**WHAT THIS TASK INVOLVES:** Please restate the data below word for word, omitting all images.

Top of DATASET EXCERPT

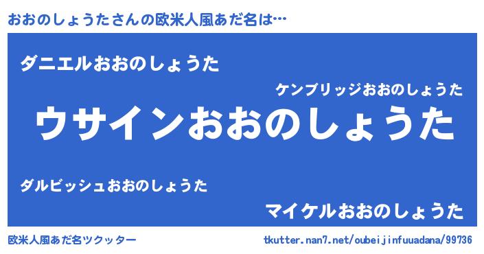 | 女子向けラノベタイトル風あだ名 | 『おおのしょうたの卵を拾いまして』 |
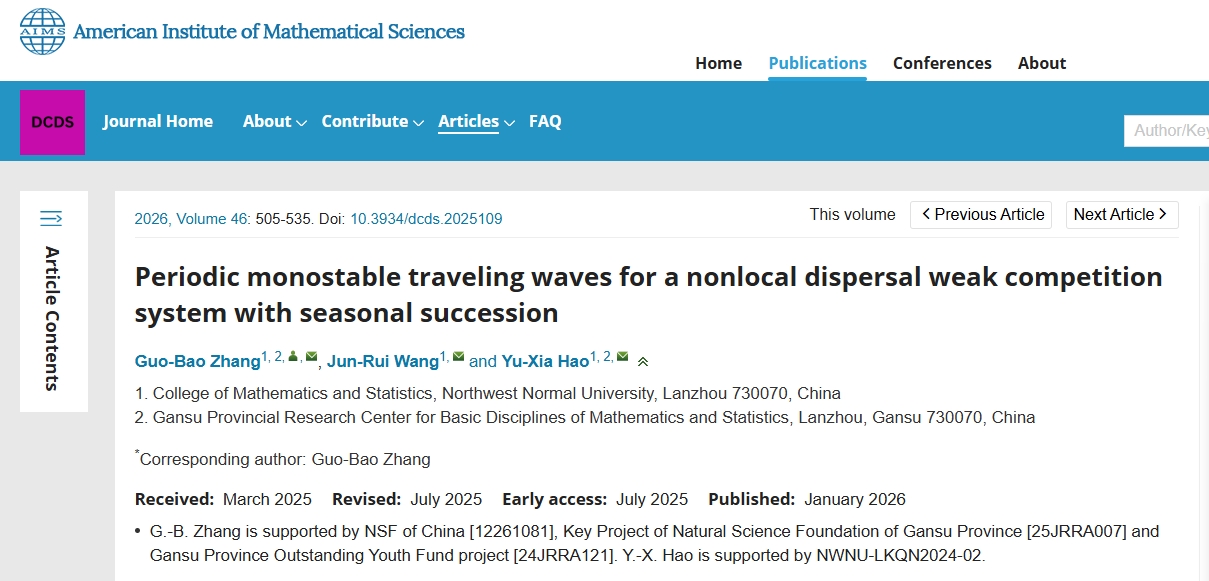 近日,beat365张国宝教授与2022级硕士研究生王军蕊和青年教师郝玉霞在国际权威期刊《Discrete and Continuous Dynamical Systems》上发表了题为“Periodic monostable traveling waves for a nonlocal dispersal weak competition system with seasonal succession” 的高水平学术论文(论文链接:https://www.aimsciences.org/article/doi/10.3934/dcds.2025109)。这是beat365近年来推行高质量培养研究生系列举措取得成效的具体体现。《Discrete and Continuous Dynamical Systems》是由美国数学科学研究所(AIMS)出版的数学期刊,主要刊载分析、微分方程和动力系统领域的理论、方法和应用的原创性论文,致力于记录该领域的重要新方法和成果,并保持高速创新和高质量标准,具有极高的学术声誉,同时也是中国数学会数学领域高质量科技期刊分级目录中的T2类刊物。
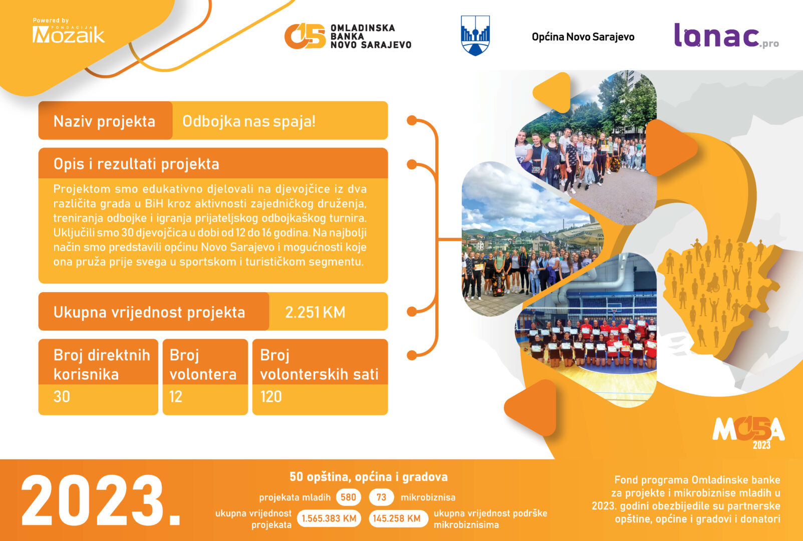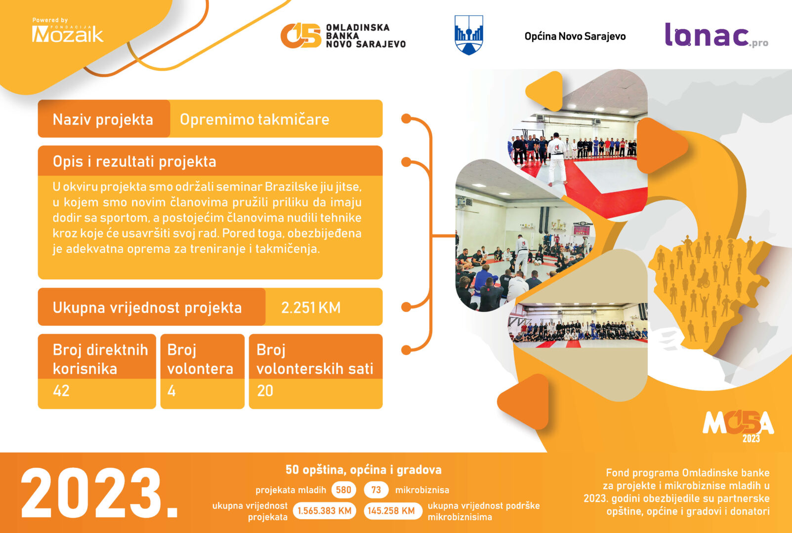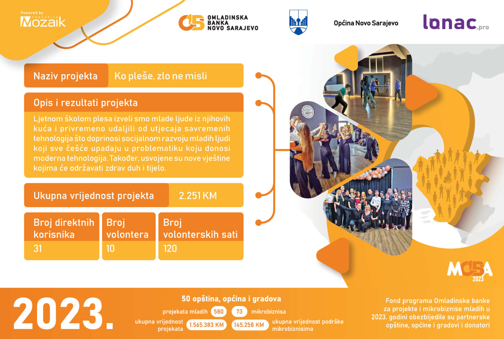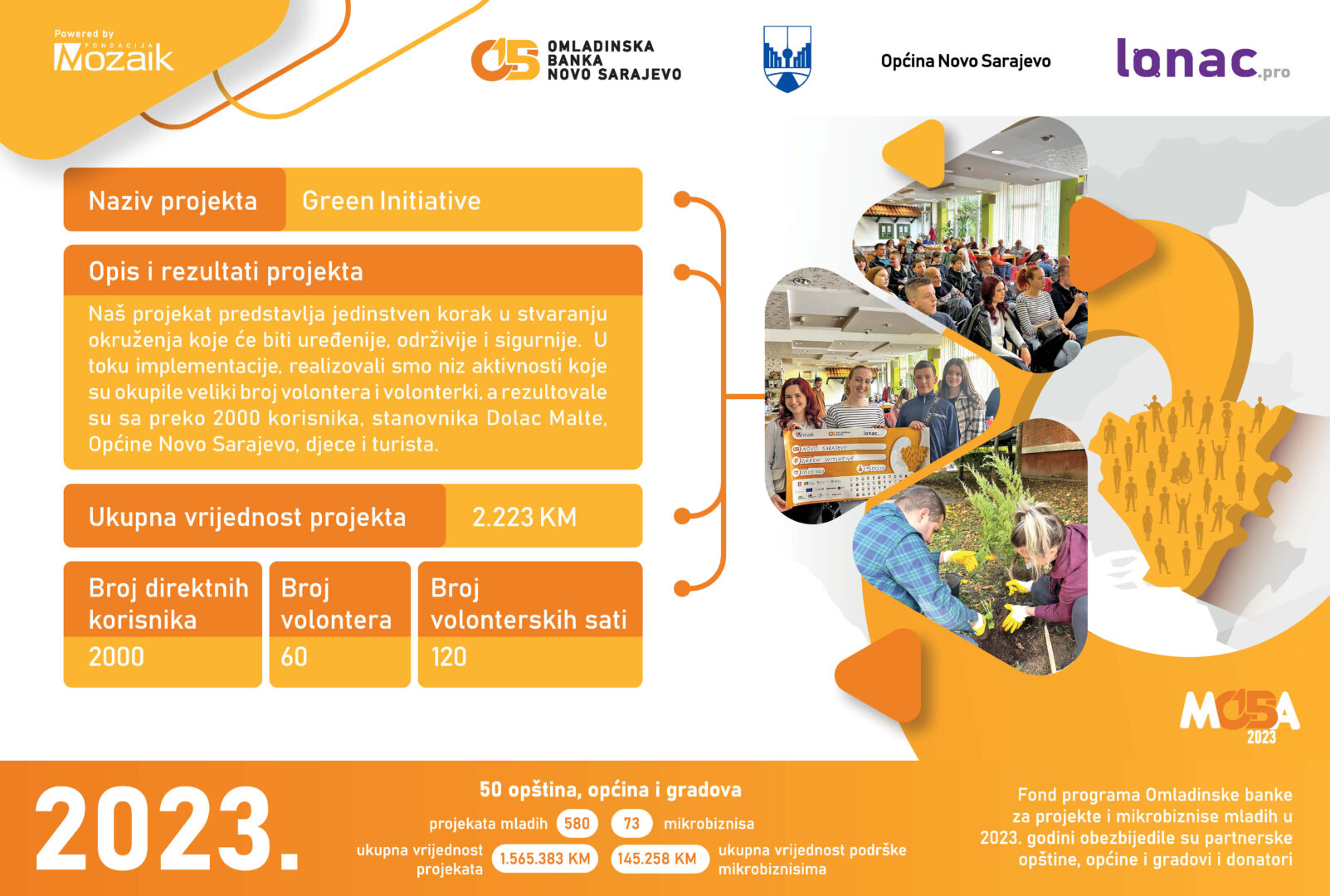 U 2023. godini je realizovano 12 projekata i registrovana su 2 mikrobiznisa. Ukupna vrijednost 12 realizovanih projekata iznosi 32,959 KM, od čega je Fondacija Mozaik izdvojila 9,353 KM, a Općina Kladanj 11,775 KM. Doprinos zajednice je iznosio 11,830 KM.

Bottom of DATASET EXCERPT

**OUTPUT OF THE TASK:**
 | 女子向けラノベタイトル風あだ名 | 『おおのしょうたの卵を拾いまして』 |
 近日,beat365张国宝教授与2022级硕士研究生王军蕊和青年教师郝玉霞在国际权威期刊《Discrete and Continuous Dynamical Systems》上发表了题为“Periodic monostable traveling waves for a nonlocal dispersal weak competition system with seasonal succession” 的高水平学术论文(论文链接:https://www.aimsciences.org/article/doi/10.3934/dcds.2025109)。这是beat365近年来推行高质量培养研究生系列举措取得成效的具体体现。《Discrete and Continuous Dynamical Systems》是由美国数学科学研究所(AIMS)出版的数学期刊,主要刊载分析、微分方程和动力系统领域的理论、方法和应用的原创性论文,致力于记录该领域的重要新方法和成果,并保持高速创新和高质量标准,具有极高的学术声誉,同时也是中国数学会数学领域高质量科技期刊分级目录中的T2类刊物。
 U 2023. godini je realizovano 12 projekata i registrovana su 2 mikrobiznisa. Ukupna vrijednost 12 realizovanih projekata iznosi 32,959 KM, od čega je Fondacija Mozaik izdvojila 9,353 KM, a Općina Kladanj 11,775 KM. Doprinos zajednice je iznosio 11,830 KM.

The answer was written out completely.